Following the release of our Mixtures DoE Tool, Product Development Engineers Ltd has launched its second subscriber tool — an extension that combines mixture design with process variable optimisation. Subscribers can access the tool here. Where the Mixtures tool focuses on ingredient proportions alone, this tool is for situations where the formulation interacts with how it is made or processed. You read about our pure Mixtures tool here. At $10 per month, or only $39 per year, our DoE subscription represents real value, and with more tools to come at these same all-inclusive prices! You can subscribe to our DoE tools here.
What It Adds
Users who are familiar with our Mixtures tool will recognise the same 10-step workflow. The additional capability lies in the definition of one or more process variables — parameters such as temperature, processing time, pressure, or pH — which sit alongside the mixture components and are varied simultaneously across the experimental design.
Process Variable Definition
After defining mixture components, users specify between one and five process variables, each with two or five discrete levels. The tool constructs a combined design that spans both the mixture space and the process variable space, generating a single integrated run sheet.

Extended Model Types
The mixture model types are the same as those in the Mixtures tool — Linear, Quadratic, Special Cubic, and Full Cubic — but users additionally select a model scope that controls how process variables enter the model. The three scope options are: Scheffé only (process variables ignored, useful for comparison), Scheffé plus PV main effects (an additive model where mixture and process variable effects are independent), and Scheffé multiplied by PV (a full interaction model where each mixture term is crossed with each process variable term). The two selectors are chosen independently, giving a wide range of model structures to suit the complexity of the system under study.
Additional Visualisations
Three plot types are added beyond those available in the Mixtures tool. The PV Main Effects plot shows the marginal effect of each process variable on the response across its range, with mixture composition held constant.

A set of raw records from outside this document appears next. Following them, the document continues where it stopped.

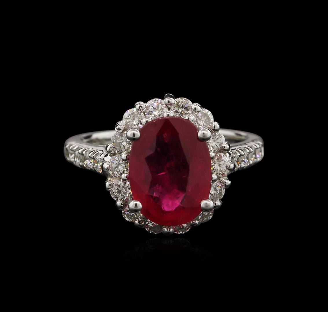 One ring featuring: 14KT white gold weighing 5.30 grams containing one ruby center stone with a total weight of 3.45ct and 22 diamonds with a total weight of 0.99ct.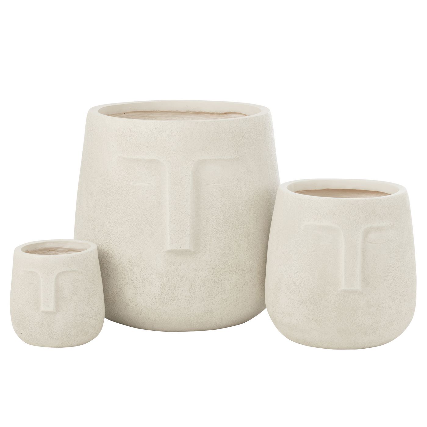 J-Line Set De 3 Cachepots Moai Argile Blanc L45xB44xH43 cm 53161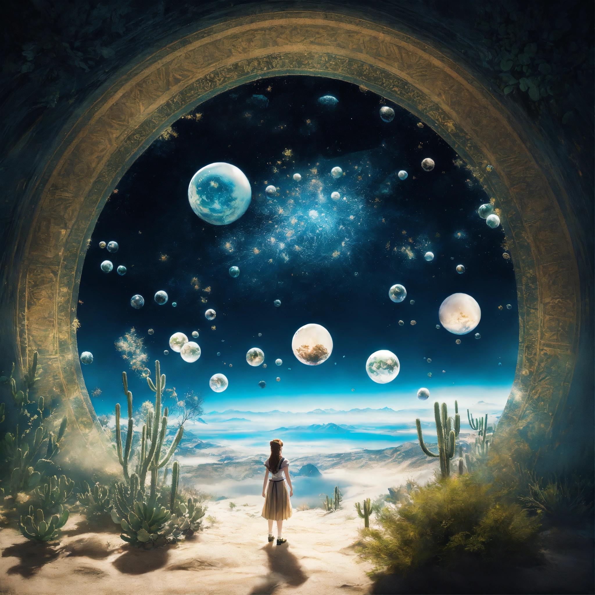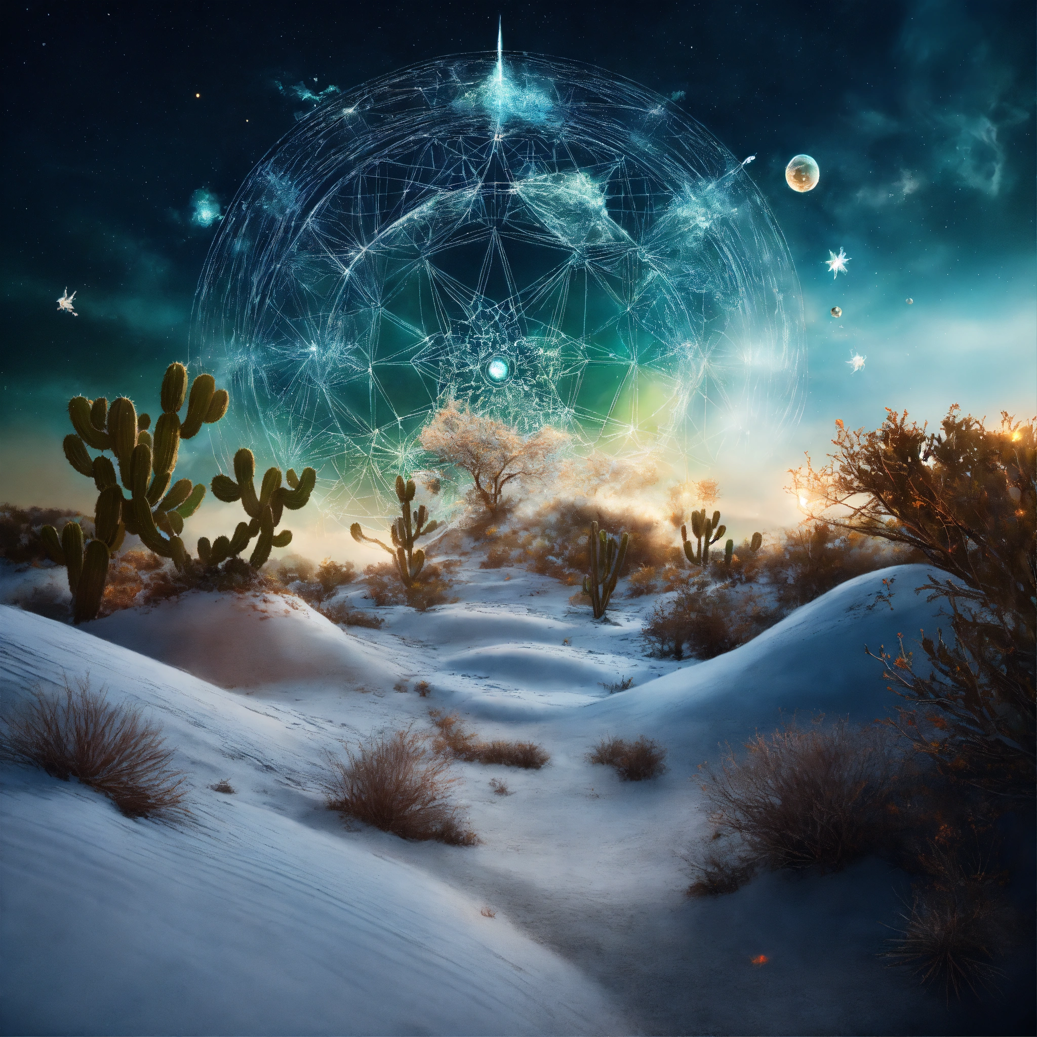 Underwater long exposure photography, a giant white desert flying in the cosmos with orbs and cactus and portals, x-ray style, in the style of tim burton, lion king, the chronicles of narnia, beauty and the beast, and peter pan. with sacred geometric patterns on the body. enchanting aura. the chronicles of narnia, wizard of oz, and alice in wonderland background with snow mountains, and trees with white leaves.

The Mix×PV Interaction plot draws separate Cox trace lines for a selected mixture component at each level of a selected process variable, making it easy to see whether the importance of a component changes with processing conditions.

The PV Surface plot shows predicted response as a function of process variable settings at a fixed mixture blend — as a 2D line when one process variable is active, or a 3D surface when two are varied simultaneously.

Optimisation
The optimiser works across both spaces simultaneously, identifying the combination of mixture proportions and process variable settings that maximises, minimises, or hits a target for each response. Multiple responses can be handled using the same desirability framework as the Mixtures tool.
Export
Run sheets and HTML reports include process variable columns alongside mixture component columns, with all additional model terms, interaction plots, and process variable visualisations incorporated into the export.
As with the Mixtures tool, validation testing has been performed against published benchmarks and synthetically generated datasets.